Is global climate change a real phenomenon or just politicized hype? Yes. Yes, it is real, and no scientist in the world can really say otherwise in good conscience. Is global climate change due to human activity? Maybe, maybe not. Most of the evidence seems to point towards human activity being a big factor, but there's admittedly some small room for debate.

So if we're not even sure we're the problem, should we bother to care? Yes, absolutely we should. Think of it like a little miniature Pascal's wager. Suppose climate change isn't anthropogenic. If we do nothing, it carries on unabated. K. If we do something about it, it still just does its thing, and we wasted a little time. Not so bad either way. But now suppose climate change isn't anthropogenic. If we do something about it, maybe the situation gets better, maybe it stays the same. If we don't do anything about it, we (and much of the planet) are screwed.

So to all to all the global warming naysayers, what if you're wrong? Are you willing to run that risk? This is a case where taking action IS playing it safe. Also, the fact that climate change is made into a political issue is completely ridiculous. The environment isn't a liberal issue or a conservative issue, it's a people-who-live-on-Earth issue. I'd be very interested to know who funded this film...


----------



## Kyle Barry (Feb 5, 2010)

Yeah, environmental paranoia has never caused anything bad to happen...

Other than being taxed to death, things like this, leading to the death of tens of millions of people, can happen, and has.
http://www.acsh.org/healthissues/newsID.442/healthissue_detail.asp

Saying we should just act because there's a chance is ridiculous, and unscientific. We should have the debate, see the truth, and act accordingly. It turns into a political issue, when, if you've seen the climategate scandal, people use the "science" to push their agenda.


----------



## Cride5 (Feb 5, 2010)

Lux Aeterna said:


> If we do something about it, it still just does its thing, and we wasted a little time. Not so bad either way.


Is 'wasting a little time' the only negative consequence of mis-informed climate policy you can think of?



Lux Aeterna said:


> If we don't do anything about it, we (and much of the planet) are screwed.

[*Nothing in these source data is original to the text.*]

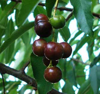 Este árbol frutal, crece libremente de manera silvestre, es frondoso, con ramas que cuelgan los racimos de la fruta y requiere pocos cuidados. Puede alcanzar los 12 metros de altura y la cosecha de la fruta se realiza una vez al año. La fruta, pequeña, muy dulce, de sabor agradable, redonda y de colores negro y rojo, fuente de vitaminas, minerales y calcio, es utilizada para la preparación de jugos, mermeladas, postres, conservas y se puede consumir fresca.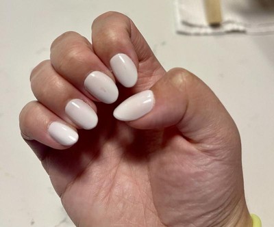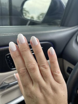 This is my second set of glue press-ons — have had them on for a week. They're great…! Consider me a glue-press on convert. I love how worry-free they are. I had to switch one out because it felt too tight. Don't be afraid to file and customize the shapes to fit your nail. Sizing takes some practice but I'm getting the hang of it. These look &, feel great. This color leans much more white than pink, but I selected it for that reason because I wanted a soft white vs. the bright &, stark white of the HD press-ons. These do not read pink on me at ask, and I'm ok with that. If you want a lighter pink, these won't give you that… I would explore other pale pink press-on shades.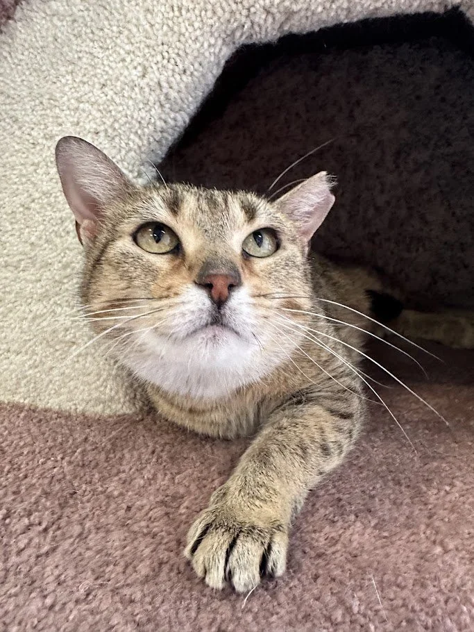 Rather than venturing out to explore, Ginny prefers cozy spots to rest, observe, and quietly relax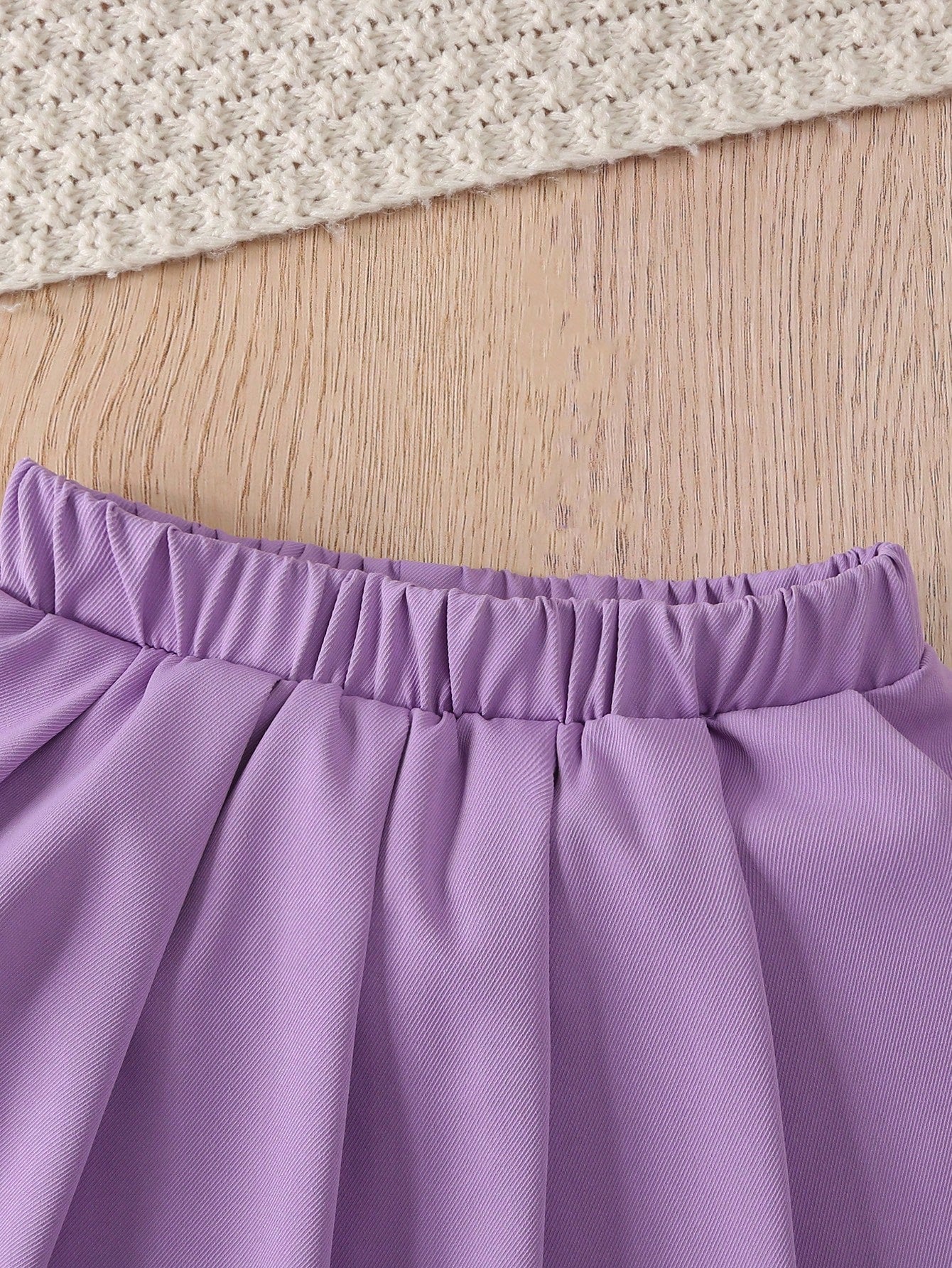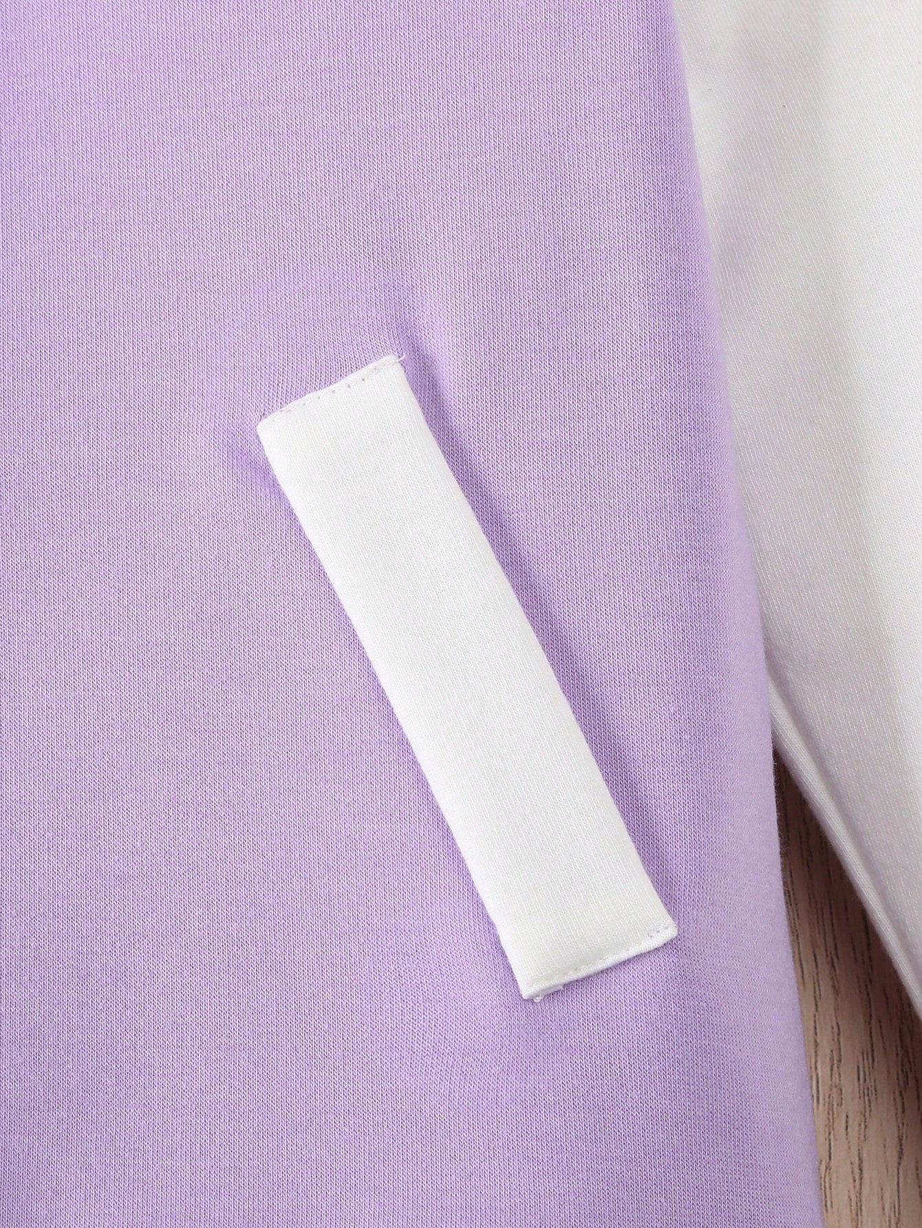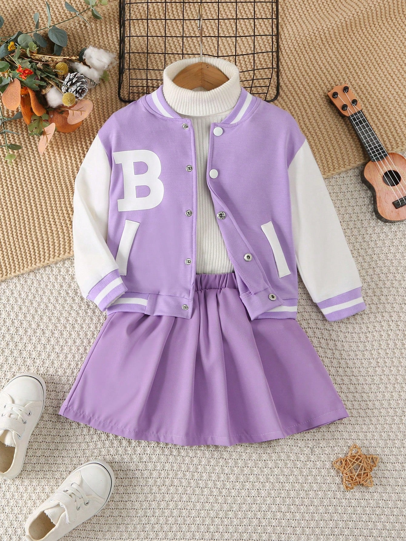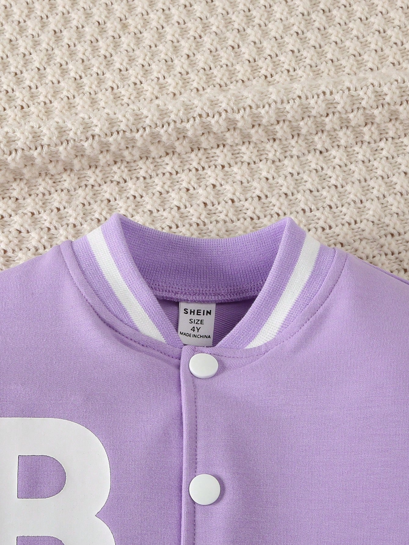 Young Girl Baseball Collar Color Block Button Front Long Sleeve Jacket + Purple Elastic Waist Pleated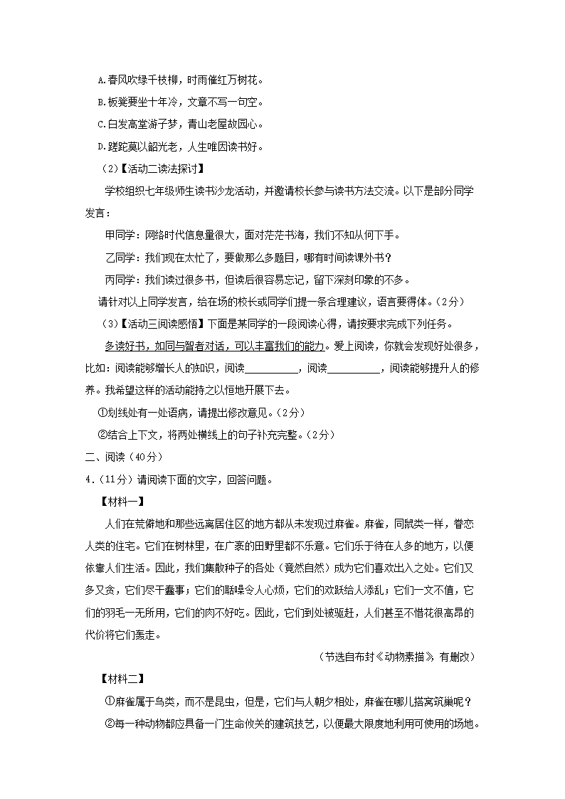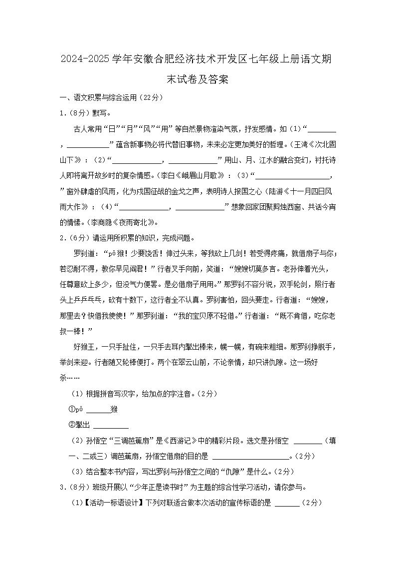 【文档名称】 2024-2025学年安徽合肥经济技术开发区七年级上册语文期末试卷及答案(Word版).doc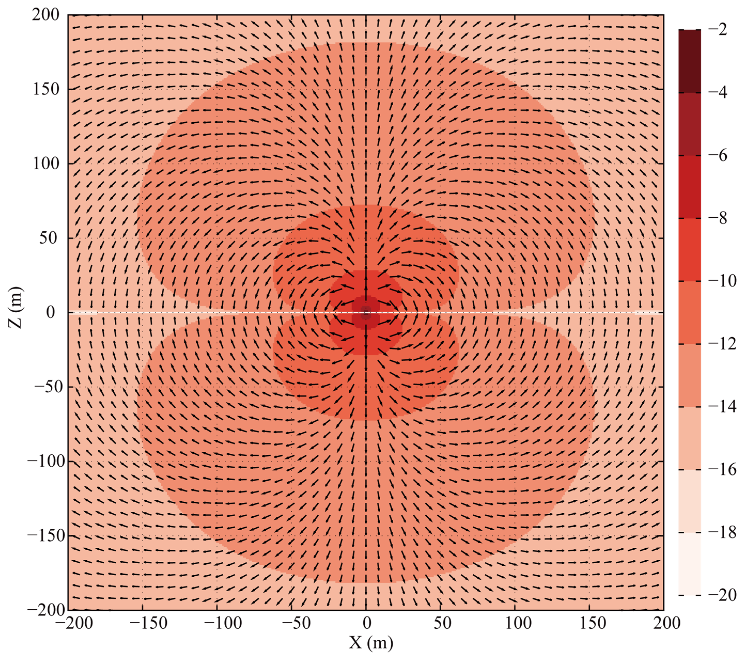 - The low-frequency diffusive electromagnetic field generated by an electric dipole in marine environments can be mathematically transformed into corresponding fictitious electromagnetic waves in the fictitious wave domain. These waves exhibit no physical energy attenuation, allowing both their kinematic and dynamic characteristics to be used for analyzing the propagation behavior of low-frequency EM fields.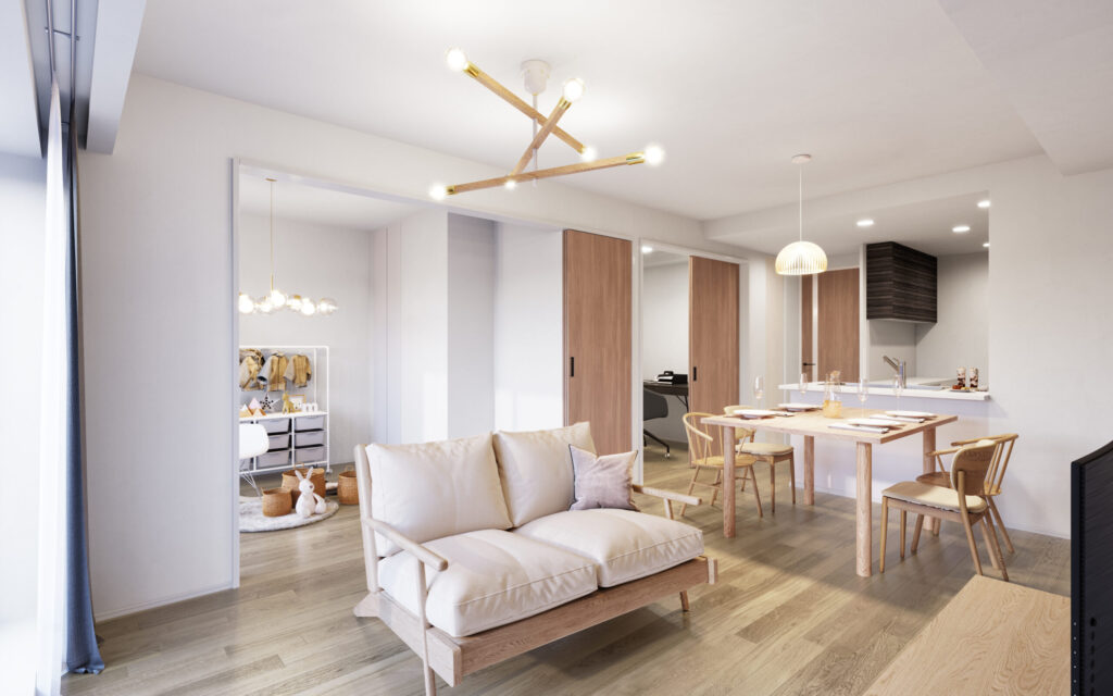 - ・照明と家具配置でゾーニングを明確にし、各部屋の用途を一目で分かるようにする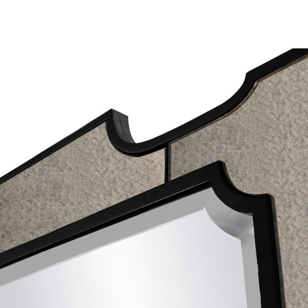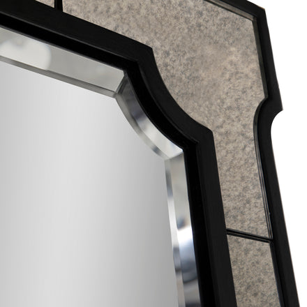 - Antiqued mirror panels around the outer frame for a refined vintage-inspired aesthetic

And where did you learn that?


----------



## Chillum (Feb 5, 2010)

Hands up who thinks pumping millions of tons of crap into the atmosphere is actually a _good_ thing?


----------



## Zubon (Feb 5, 2010)

Climate change deniers are just like people who reject evolution. There is an overwhelming amount of peer-reviewed evidence and an overwhelming amount of weak criticism of the evidence with illogical foundations.

The problem lies fundamentally with the scientific method. Science is not about proving a point. Scientists are very bad debaters. The best part about the scientific method is self-skepticism. Most academic papers contain a section stating known problems and weaknesses in the theory. Experiments are all done with statistics and scientists are quick to state to what statistical confidence their conclusions are known to be.

This environment enables over-spoken nuts who don't know the science, to have a big influence.

So, if climate change is a big well planned scam, why is there a scientific consensus around the world in many cultures? Why do the bulk of researchers agree with it?

People are quick to say things like "this PhD research says climate change is not true and he is smart". The scientists in this documentary were either duped into appearing and had their words twisted or are on the fringe of the scientific community.

This is just like people who deny evolution (a large part of the American population), they will always find some 'academic' who will say evolution is incorrect, falsely hinting that there is some sort of 'controversy'.


----------



## Gollum999 (Feb 5, 2010)

Here's the problem: Once someone comes up with a theory, (i.e. manmade global warming,) scientists start looking at other data and saying "Oh, yeah, that supports this theory!" and automatically assume that the original theory was correct. They get a bunch of evidence that _seems_ to support their theory, and yet they don't consider other possibilities.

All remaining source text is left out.